Coding Style
Purpose
This guide captures the coding conventions that are consistently used across the Nrgy.js codebase.
Overview
The repository is a strict TypeScript monorepo with small focused modules, colocated tests, and explicit runtime contracts. The style is intentionally conservative: simple functions, explicit types where they matter, and minimal abstraction layers.
Language and Typing
- Use TypeScript in
strictmode. - Prefer named exports for public APIs.

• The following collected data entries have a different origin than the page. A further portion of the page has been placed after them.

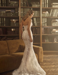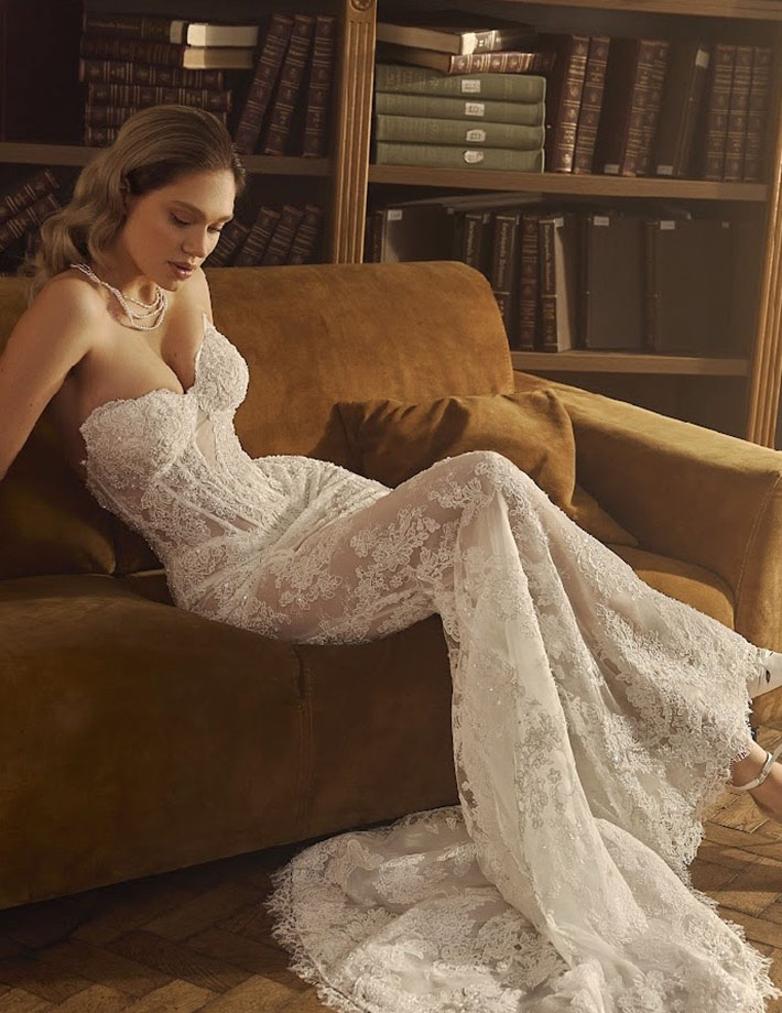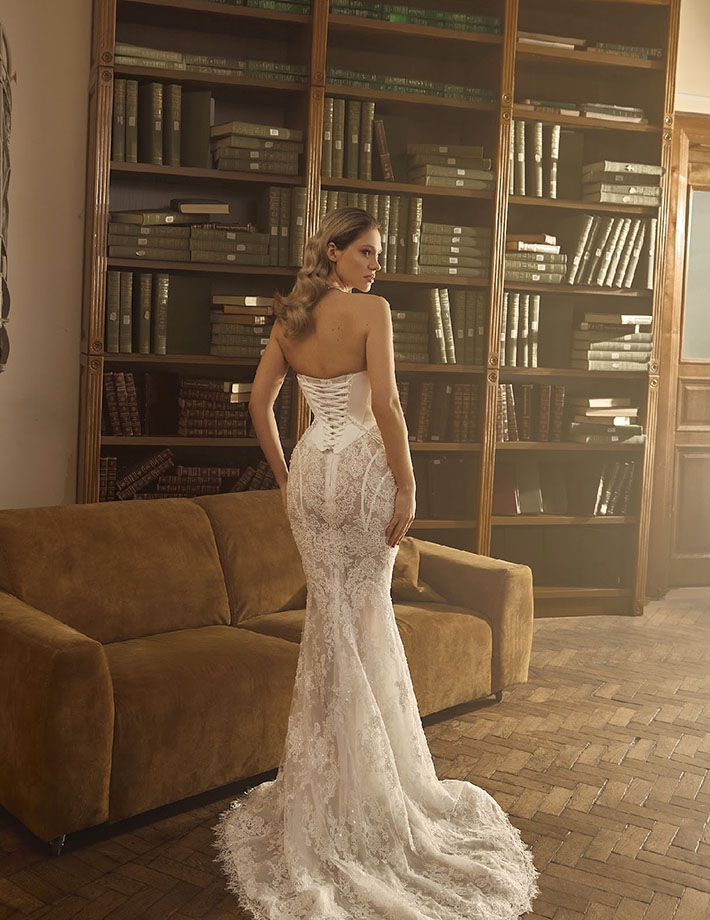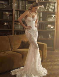 Αισθησιακό γοργονέ φόρεμα από τούλι με γκλίτερ και δαντέλα.Μια άκρως θηλυκή επιλογή που λεπταίνει τη σιλουέτα χάρη στη χαμηλόμεση φούστα που αγκαλιάζει τους γοφούς και ανοίγει στο κάτω μέρος. Κομψό νυφικό με μακριά αποσπώμενα μανίκια που αναδεικνύει τη θηλυκότητα.
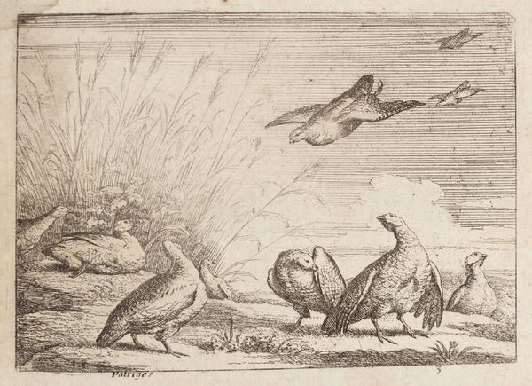 Editor: This is Francis Barlow's print depicting various birds, it's teeming with life! It's a lively scene, but there's also an element of predator versus prey. What can you tell us about its place within the context of art history? Curator: It is fascinating how Barlow brings the life of birds in detailed environments! Prints like these became increasingly popular as they democratized access to natural history. What do you think about the implied power dynamics depicted? Editor: Well, the cormorant swallowing the fish is pretty striking. It’s nature as both beautiful and brutal. Curator: Exactly! Barlow presents the natural world as both a source of wonder and a theater of conflict, reflecting evolving attitudes toward nature and its relationship with human society in the 17th century. Editor: That’s given me a lot to think about regarding how we perceive and portray the natural world. Curator: It challenges the viewer to consider their place within this grand narrative, doesn't it?
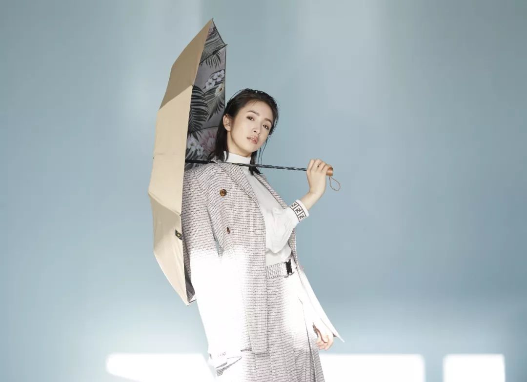 佟麗婭撐著傘的樣子,美得像是畫里走出來的婉約女子

- Keep generic types close to the exported contract and avoid unnecessary type indirection.
- Use overloads when the runtime API has clearly distinct call signatures.
- Prefer explicit public types for reusable contracts such as context objects, atoms, and options.
Module Structure
- Keep modules focused on one primary responsibility.
- Place module documentation next to the source file.
- Do not create standalone documentation for
index.ts; use package-levelREADME.md. - Keep tests next to implementation files using
*.test.tsor*.test.tsx.
Runtime Style
- Prefer small pure helpers over large mutable classes unless lifecycle state is the primary concern.
- Use comments sparingly and only where the implementation would otherwise be difficult to infer.
- Favor predictable cleanup through
destroy(),unsubscribe(), andScope. - Preserve framework-agnostic boundaries in
@nrgyjs/core.
Formatting
- Follow
.editorconfigand the current formatting configuration. - Use two-space indentation.
- Keep semicolons and trailing commas.
- Prefer single quotes in TypeScript.
- Wrap Markdown prose at readable line lengths.
Testing
- Use Vitest for unit tests.
- Name tests around observable behavior rather than implementation details.
- Cover lifecycle boundaries, destruction, and error propagation where relevant.
Documentation
- Maintain English
.mdand Russian.ru.mdvariants for source docs. - Keep README links aligned with the actual file layout.
- Ensure examples compile conceptually against the current public API.